- Work request
Everything from the line holding "La Virgen de" through the final line of the entries below is to be written out exactly, and nothing more; leave out pictures.

- Available data
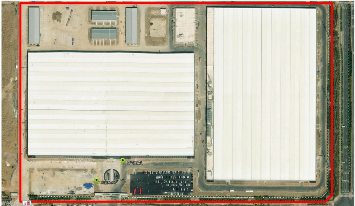
图 1.4 监测点位布设图
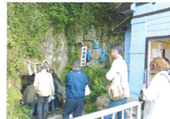
鬼がいたと言われる洞窟に入る現代の鬼達

60代と思われる男性の現地ガイドが「おはようございます。鬼ヶ島へようこそ。バスでご案内いたします」と乗ったバスは「田舎のバスはオンボロバスで〜」と歌に出て来るようなバスで、車内は狭く、けたたましいエンジン音で走り出しました。周囲7.8kmの小さな島の山道を少し揺られたかと思いきや、はやお目当ての鬼ヶ島大洞窟に到着。「へえ、ここに鬼が住んでいたんだ」
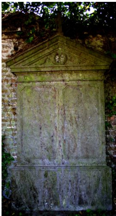
Stèle à entablement et fronton. IVR22_20068001048NUCA
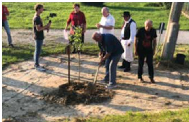
Sajenje lipe v Moščancih
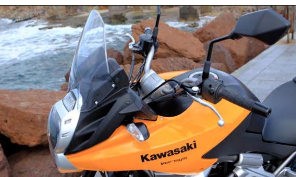
Das Windschild kann nach oben und nach vorne verstellt werden.
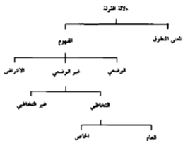
شكل (2) تنجيز صانك لتصنيف قرابيس للمعنى
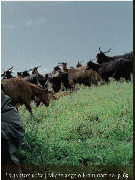
Le quattro volte | Michelangelo Frammartino p. 69
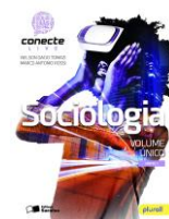
IMAGEM REFERENTE À PARTE 1 DO BOX
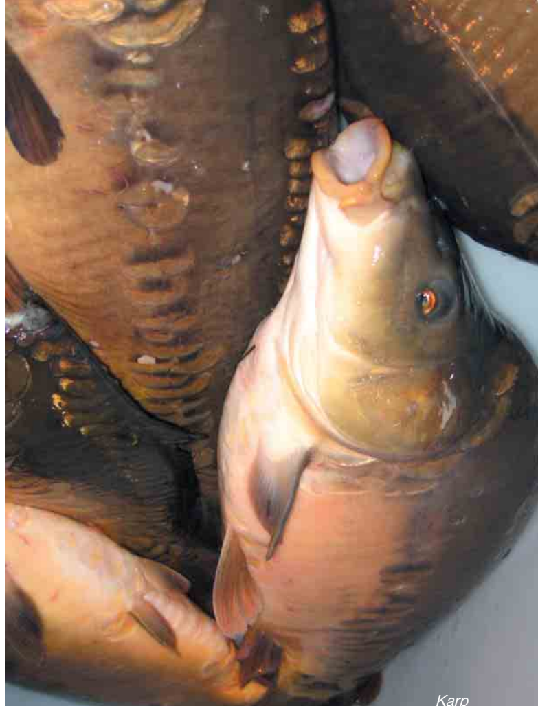
Karp Karp Jacek

W Warszawie zorganizowaliśmy konferencję prasową i symboliczną akcją wykupu żywych karp, które zostały wypuszczone na wolność do Jeziora Szczęśliwickiego. Złożyliśmy także w Ministerstwie Rolnictwa i Rozwoju Wsi pismo, w którym domagamy się wprowadzenia zmian w polskim prawodawstwie dotyczącym ryb hodowlanych. W ocenie Klubu Gaja Ustawa o ochronie zwierząt z dnia 21 sierpnia 1997 roku nie obejmuje zakresem swojego zastosowania ryb hodowlanych. W konsekwencji okrutne traktowanie ryb hodowlanych, w szczególności karpki w okresie przedświątecznym, pozbawione jest jakiegokolwiek sankcji. Obecny porządek prawny pozostaje w sprzeczności ze stanem prawnym przyjętym w Unii Europejskiej. Minimalne standardy ochrony ryb hodowlanych w prawie unijnym zostały określone w Dyrektywie 98/58/WE. Obowiązkiem Polski, jako państwa członkowskiego Unii Europejskiej, jest dostosowanie prawa krajowego do prawa wspólnotowego. W związku z czym Klub Gaja zwrócił się z prośbą do Ministra Rolnictwa i Rozwoju Wsi o zainicjowanie prac legislacyjnych mających na celu objęcie ochroną ryb hodowlanych. Karp Też chce do Unii!
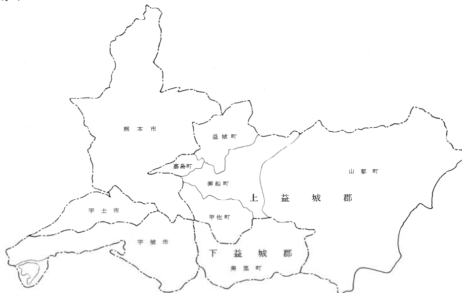
平成22年4月1日現在の市町村図
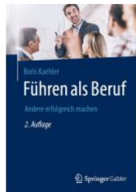
Führen als Beruf Ladenpreis: 51,39EUR
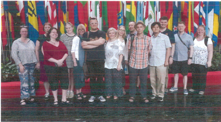
Hópurinn í heimsókn í höfuðstöðvum Hanban í Beijing
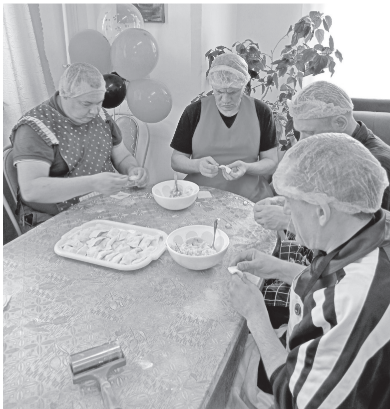
Учебно-тренировочный модуль «Кухня-гостиная»
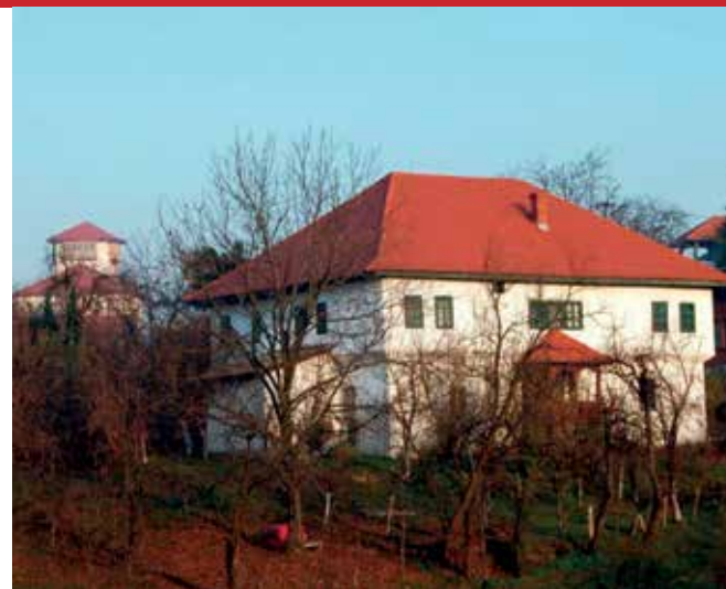
Kuća Gradaševića u Gradačcu

Britanski povjesničar Noel Malcolm, u knjizi Bosna. Kratka povijest (prvo izdanje na engleskom 1994, prijevod na bosanski
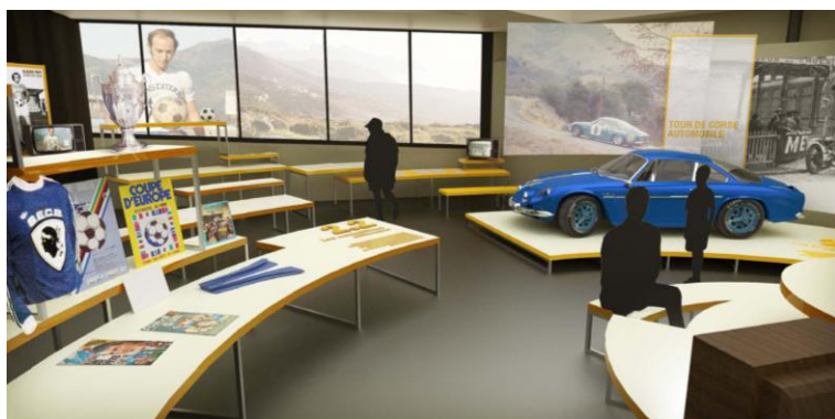
JOUER AVEC L'AUTRE, JOUER CONTRE L'AUTRE

EXPOSITION TEMPORAIRE « LES SPORTS EN CORSE » PHILIPPE DANGLES ARCHITECTE ESQUISSE 12 DÉCEMBRE 2011
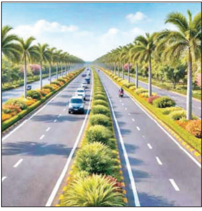
● पौधरोपण के लिए 2336 स्थल पर 11325 हेक्टेयर में पौधरोपण

प्रदेश के एक्सप्रेसवे के किनारे भी पौधरोपण किया जाएगा। इस बार विशेष रूप से गंगा एक्सप्रेसवे के किनारे पौधे लगाए जाएंगे। 594 किमी. लंबे गंगा एक्सप्रेसवे की दोनों पटरियों पर वन विभाग 500 हेक्टेयर क्षेत्र में 5.50 लाख पौधरोपण करेगा। दोनों पट्टी पर
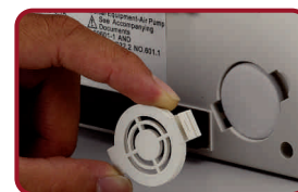
Filtro de aire
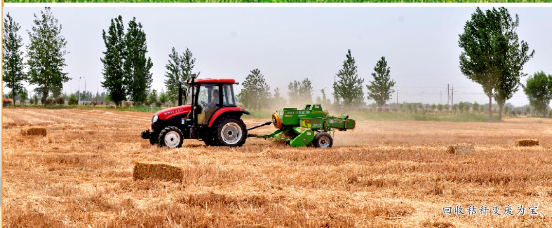
回收秸秆变废为宝。
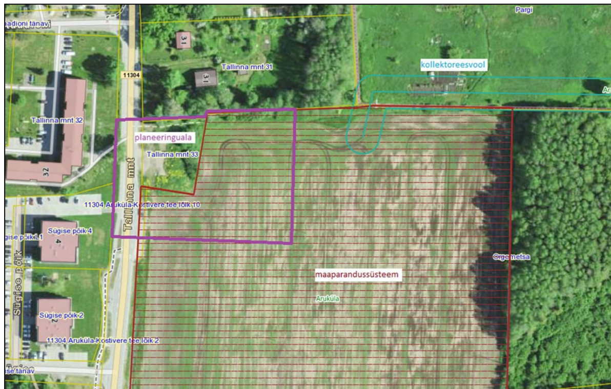
Skeem 3. Väljavõte maaparandussüsteemide andmete kohta Maa-ameti geoportaalist.
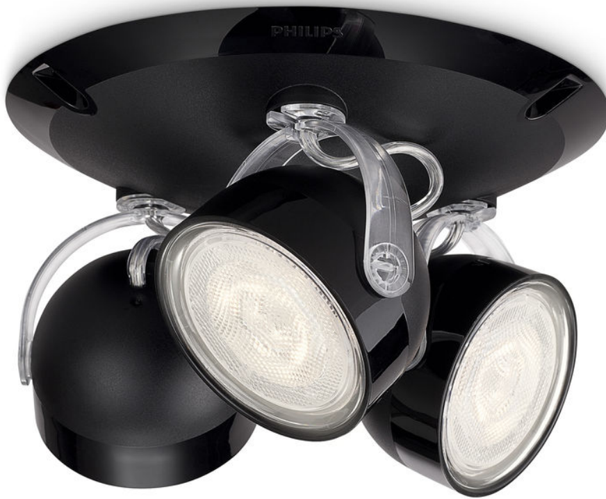
PHILIPS myLiving Spot DYNA noir LED
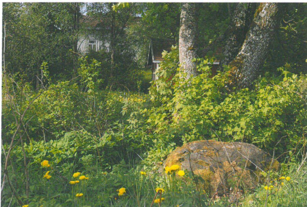
Kyy 110 : 6 Uhrikivi Paasian tilalla Valkeakosken Tarttilassa. Taustalla näkyy Paasian sauna ja päärakennus. 28.05.2013
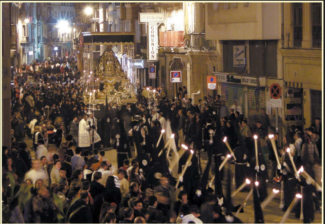
La Virgen de los Dolores a su paso por Carretería
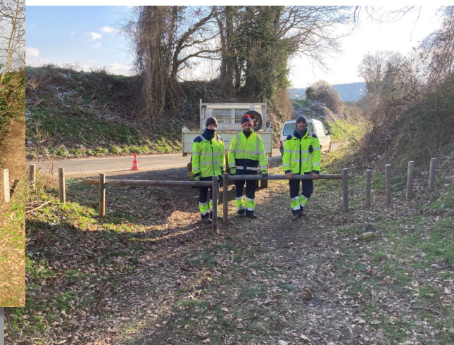
La Chaussée Brunehaut

- Reply
La Virgen de los Dolores a su paso por Carretería
La Chaussée Brunehaut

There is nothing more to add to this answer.